首領カドル

 ジャック隊長のそばにソミオが慌てた様子で走ってきた。


「ソミオ。どうしたんだ?」

「大変です。カーナが勝手にジョルジュ大木を見に行ってしまいました!」

「なに! カーナが!」


 ジャック隊長は驚いた。ブブカ族が大切にしている木に近づいたらどんなことになるか・・・。


「はい。ジークが後を追って行きましたが・・・心配です」

「わかった。隊の指揮はルマンダに任せる。リーナとトロイカは俺と一緒に来てくれ。カーナを連れ戻しに行く」


 ジャック隊長はキャラバン隊から離れてカーナを迎えに行こうとしていた。ソミオもカーナとジークのことが心配だったからこの任務に志願してみた。


「隊長。僕も行かせてください!」

「わかった。一緒に来い!」


 だがジャック隊長たちが向かおうとする前に周囲から男たちが次々に現れた。前にも後ろにも横にも・・・。彼らは腰布だけをつけて体中に刺青を入れており、刀や槍で武装していた。キャラバン隊はブブカ族によってすでに包囲されていたのだ。彼らは敵意をむき出しにして迫ってきた。


「おまえたちは何者だ!」


 ジャック隊長が声を上げた。するとリーダーらしい男が前に出た。


「俺はブブカ族の首領、カドルだ。貴様たちはカジコ開拓社の手の者だな?」


 ジャック隊長は聞いたこともない開拓社の名前を聞いて眉をひそめた。


「カジコ開拓社? いや、そんなものは知らない。我々はロマネスク王国のキャラバン隊だ」

「嘘をつけ! お前たちの仲間はつかまえた。そいつらはジョルジュ大木に近づこうとしていたのだ。あの神聖な木を倒すつもりだったのだろう」

「そんなことはしない。その者たちは興味本位で見に行っただけだ。無礼は謝る。だから仲間を返してこの森を通してほしい」

「だめだ! 信用できない!」

「それなら俺たちをどうするつもりだ?」

「お前たちを拘束する! それ!」


 カドルは仲間に合図した。するとブブカ族の男たちが刀や槍を構えて、さらに接近してきた。それを見てトロイカは剣を抜こうとし、リーナはサンダーを発動しようとしていた。そして他の術者も応戦しようとしていた。


「我々に手を出せば容赦しない!」


 ジャック隊長は毅然とした態度を示した。ブブカ族は接近をやめたが、刀や槍を降ろそうとしない。一発触発の事態となってしまった。しばらくにらみ合いが続いた・・・。しばらくしてこの膠着状態が嫌になったカドルが仲間を手で制して言った。

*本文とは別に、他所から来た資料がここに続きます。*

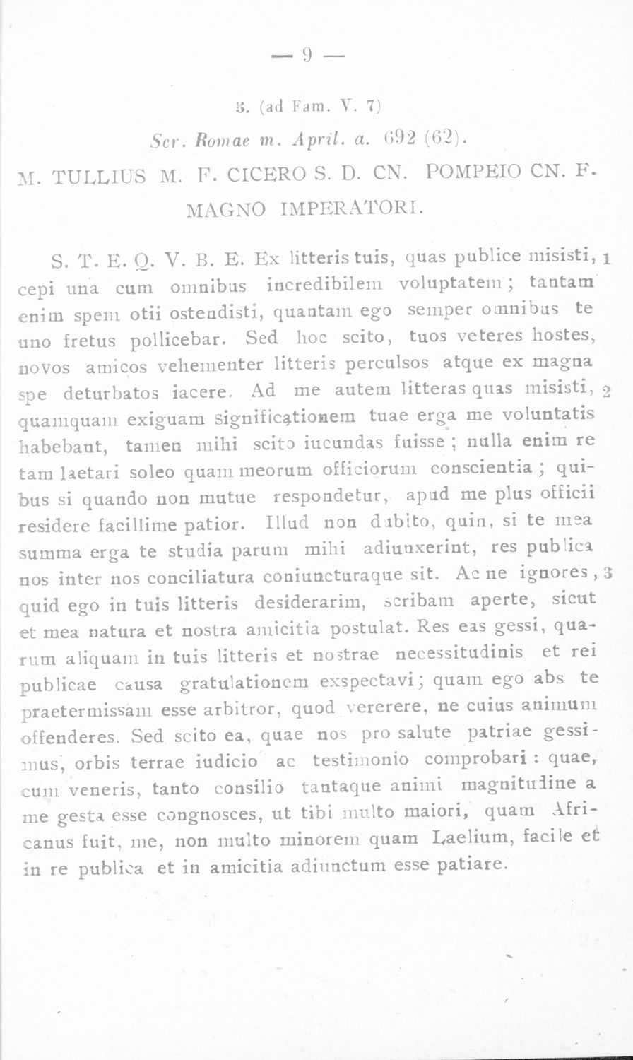Σχολικό εγχειρίδιο Λατινικών για τη Γ΄ Γυμνασίου που περιέχει κείμενο, εισαγωγή στις επιστολές και σημειώσεις επί των επιστολών. Ο επιμελητής ήταν τακτικός καθηγητής της Λατινικής Φιλολογίας.
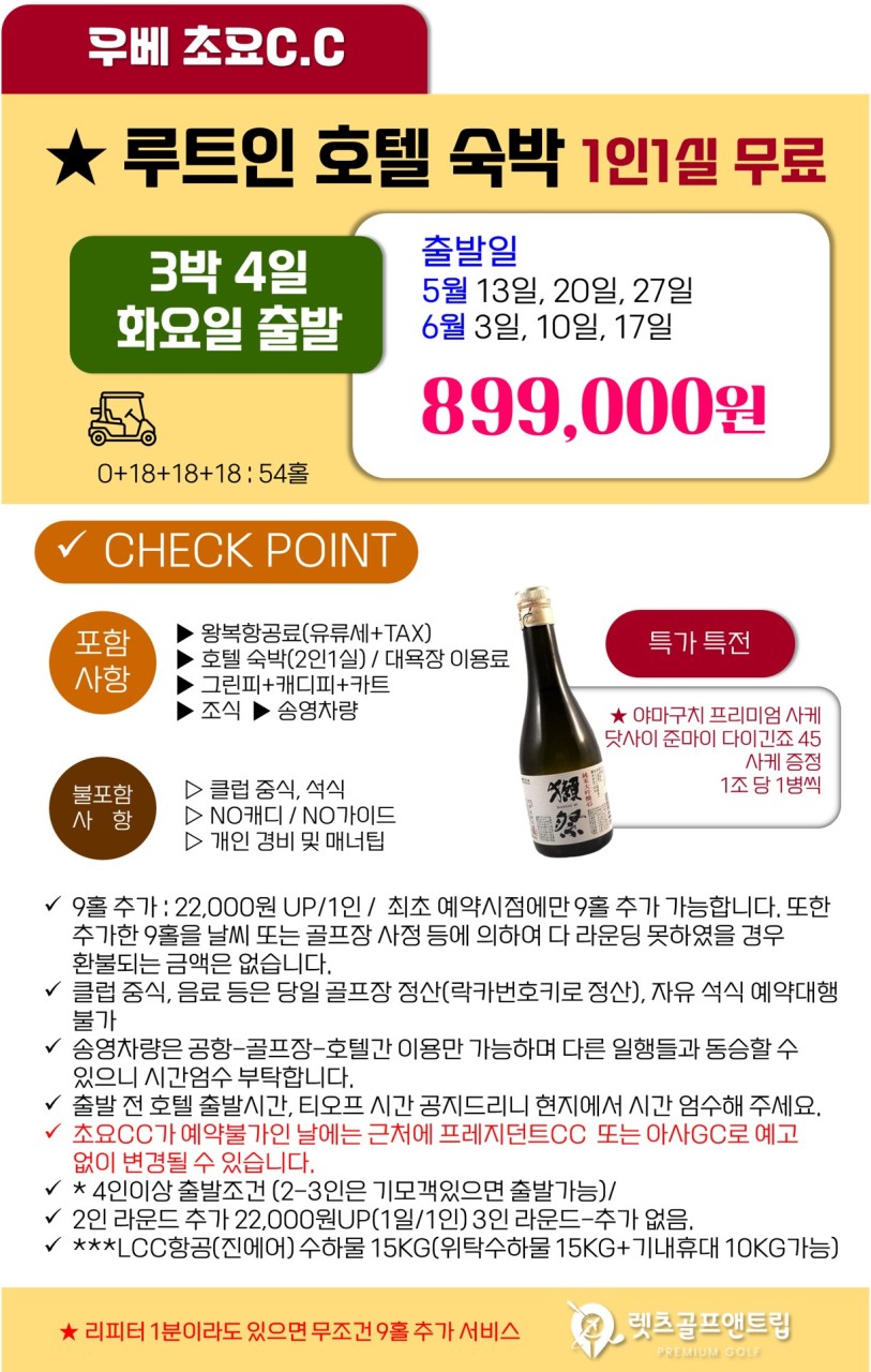 [재방문 1위 화요일 출발 특가 ] 야마구치 우베 초요CC 골프 (2인 OK)
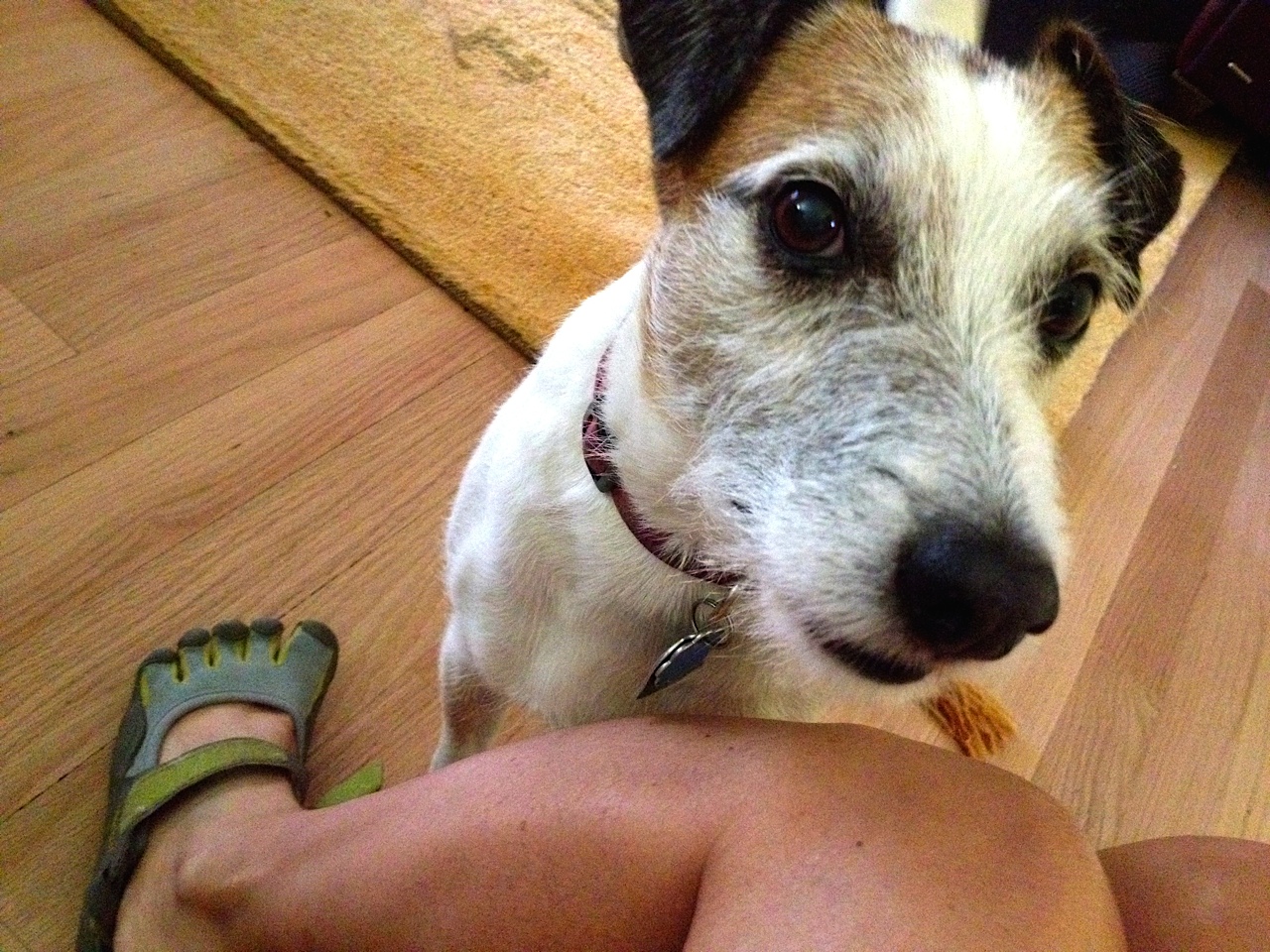 Oscar might think he is a superstar, but “I” am the only one who goes running with Mom & Dad. Whenever she sits down to put those funny looking shoes, I glue to her.
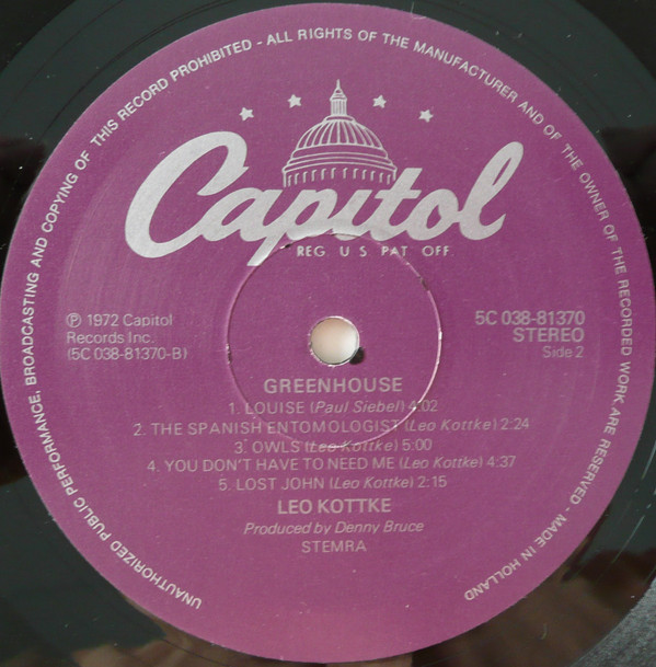 Leo Kottke – Greenhouse (LP, Album, RE)

「ならば集落に来てもらおう。客として・・・。おとなしくしていれば危害は加えない。お前たちがカジコ開拓社の仲間でないとわかるまでだ」

「本当か?」

「ああ、俺たちは嘘が嫌いだ。ただしお前たちが嘘を言っていたり、我らを攻撃するようなら貴様の仲間の男と女を殺す。いいな」


 ジャック隊長はカドルの顔を見た。その目から嘘をついているようには思えなかった。ここで抵抗してブブカ族を排除するのは簡単だが、カーナとジークの身に危険が及ぶことになる。


「隊長。彼らは純朴な民族のはずです。私の計算ではむやみに危害を与えてこないと思われますが・・・」


 横にいるルマンダがそう言った。それを聞いてジャック隊長はうなずいた。


「わかった。お前たちの言うとおりにしよう。だが我々の安全は保障してくれ」

「それはわかっている。きちんと客として迎えよう」


 カドルはそう言った。それでキャラバン隊はブブカ族の集落に向かうことになった。